'Superboy' comes crashing back to Earth
Friday, May 18, 2001 VICTORIA BUTTON
If the definition of good publicity is making the front cover of Time magazine, then the absolute reverse probably looks something like the one-paragraph mention Richard Li Tzar-kai received recently.
Last April he appeared on the cover and was referred to as the "Superboy" with a "spanking new empire" after Asia's biggest takeover outside Japan - Pacific Century CyberWorks' merger with Cable & Wireless HKT.
Then, almost exactly a year later, came the paragraph in a column listing "People to Watch in International Business".
"Li, 34, had much more to explain recently than his company's US$886 million [HK$6.91 billion] loss during 2000. For instance, why did he claim to be a 1987 Stanford graduate when he had spent only three years there? . . . The Stanford admission may have made credibility as big a problem for Li as profitability."
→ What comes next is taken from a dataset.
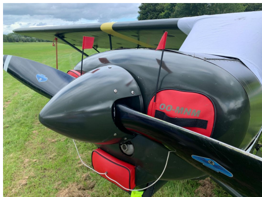
Piper PA-18 Super Cub Engine Plugs

The market analysts who made him their darling had also started muttering about the company's need for reform and a lack of management depth.
There was speculation that big-name executives would be hired as line managers - a move the company in effect said was possible yesterday.
Mr Li is not having a much easier time of it at the hands of Time's stablemate publication Fortune.
To be fair, Mr Li was invited to the Fortune Global Forum last week and cameras relaying proceedings to the media dwelt on his cheerful chats to corporate types before the first session.
However, he was notably absent from a later session, called Next Generation Leaders Look Ahead, which included James Murdoch, the chairman and chief executive of Star TV, and Jeffrey Koo Jnr, president and chief operating officer of Chinatrust Commercial Bank.
Mr Li was also not one of the 25 rising stars profiled in the magazine. Instead, Hanson Cheah, 36, founder of AsiaTech Ventures, was picked to represent Hong Kong.
A year ago, Mr Li seemed to have something approaching a perfect life - beautiful women, respect for having emerged from his father's shadow, even a TV in his shower.
When he was up, there seemed to be an unusually large number of people in the dotcom world who suddenly decided they too should buzz-cut their hair, wear chinos and abandon their ties.
The media made much of the mansion he was building at Shek O, his luxury apartment, his work ethic, his nickname in the Chinese press of "Golden Bachelor" and his flash lifestyle.
Roll the tape forward and you can see the crowd at the Rugby Sevens backing the call when, on the big screen, a message along these lines appears amid the birthday greetings: "Richard Li, where's my money?"
Pacific Century CyberWorks' share price has tumbled to a fraction of its former glory - and you could almost hear the knives being sharpened as it fell. If you invested your fortune in the company at its peak of $28.50 a share early last year, you would now be sitting on a pile less than one-tenth the size.
When the Stanford scandal broke, the world's media jumped all over the story. Pacific Century CyberWorks' history of fastidiousness at detecting errors - perceived and real - in coverage did not help, as the media pointed out with delight that Mr Li had never bothered to correct the claim he had graduated from Stanford.
The resonance of the story was based on more than the age-old delight in seeing the mighty fall - or at least stumble. It came to symbolise the bursting of the Internet bubble itself.